> _Action item_:
The copy must match the data below line for line and contain no images.

> _Recorded data_:
◆ ◆ ◆ ◆ ◆

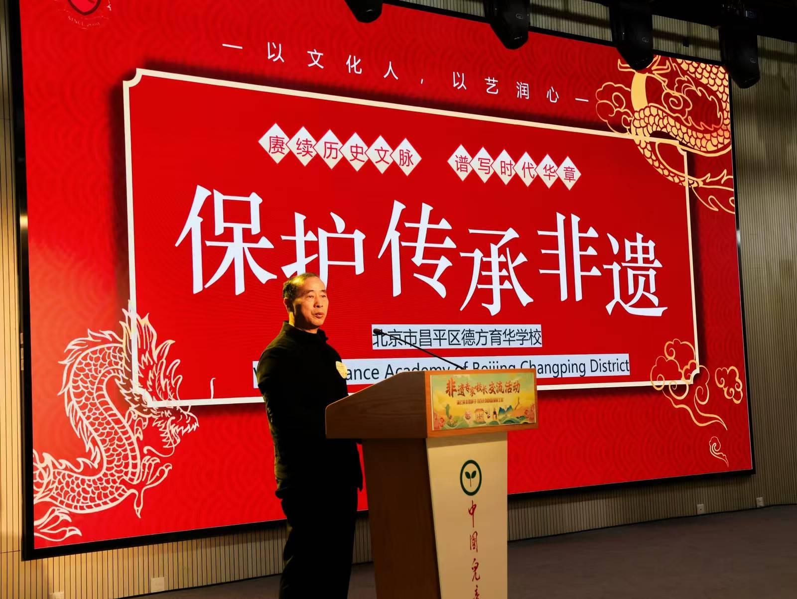 昌平区德方育华学校校长秦继杰分享了学校“赓续历史文脉,谱写时代华章”的非遗传承理念。该校通过非遗中华雅乐舞等课程,让学生亲身参与传统文化实践。
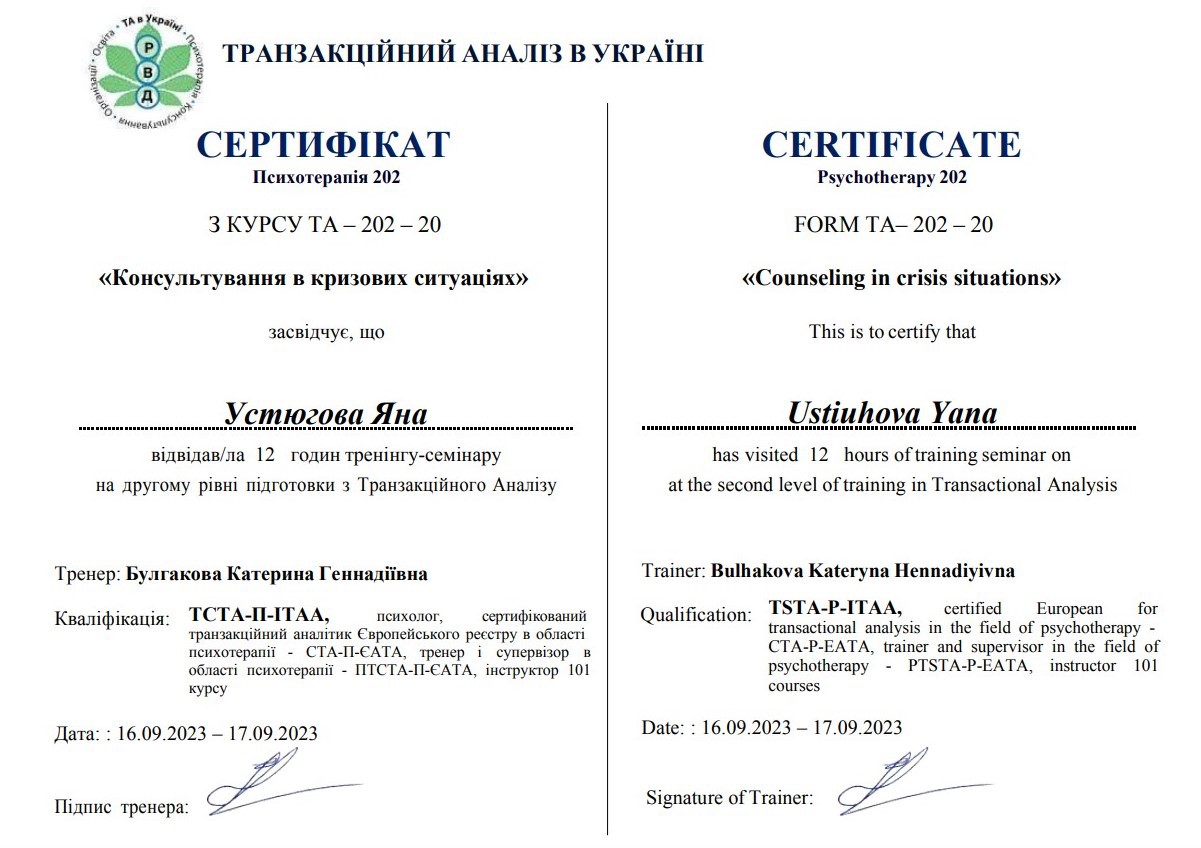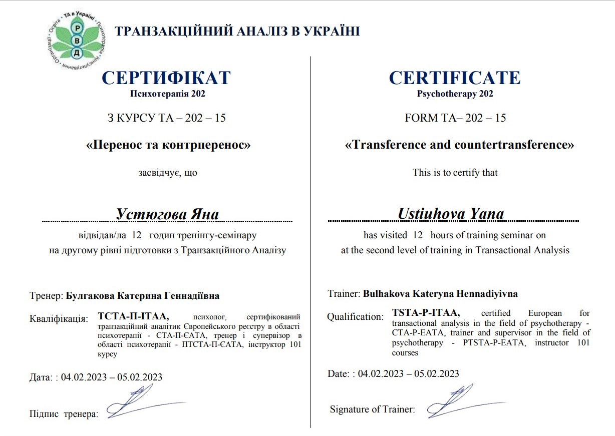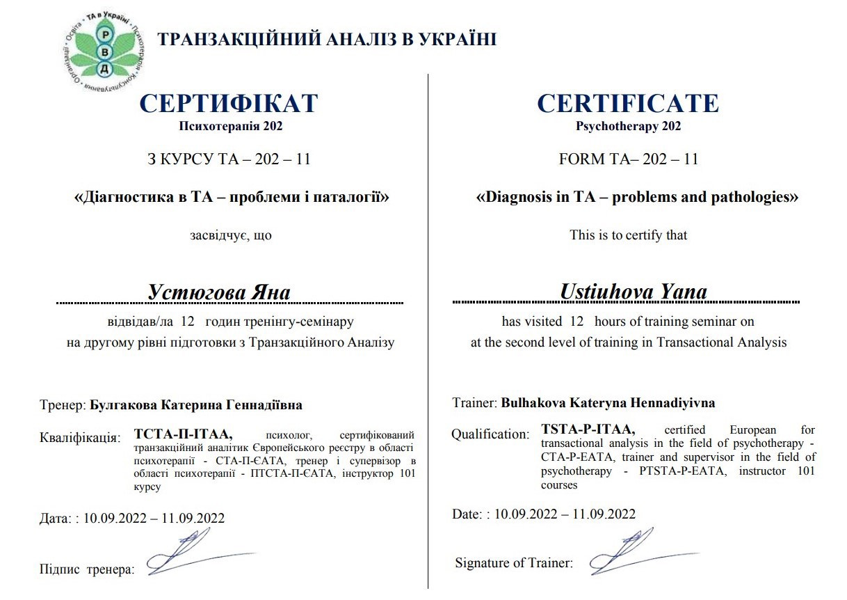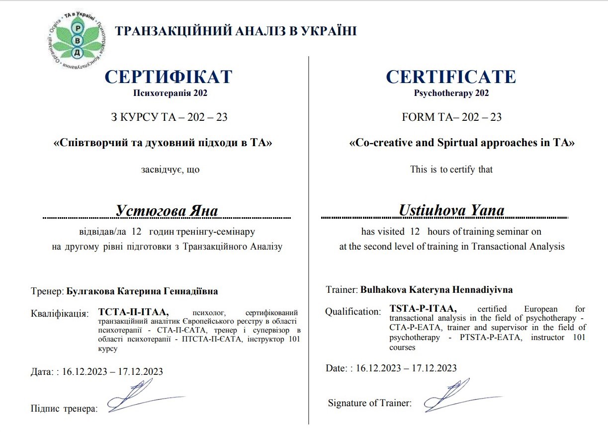 2. Украинский союз транзактного анализа, тренер Екатерина Булгакова.
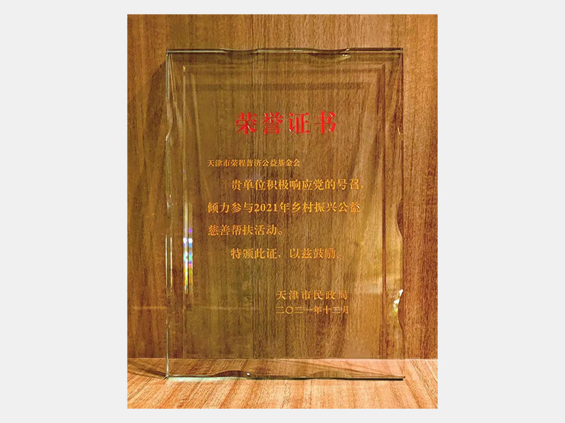 “傾力參與2021鄉村振興公益慈善幫扶活動”榮譽證書

◆ ◆ ◆ ◆ ◆

> _Solved problem_:
 昌平区德方育华学校校长秦继杰分享了学校“赓续历史文脉,谱写时代华章”的非遗传承理念。该校通过非遗中华雅乐舞等课程,让学生亲身参与传统文化实践。
 2. Украинский союз транзактного анализа, тренер Екатерина Булгакова.
 “傾力參與2021鄉村振興公益慈善幫扶活動”榮譽證書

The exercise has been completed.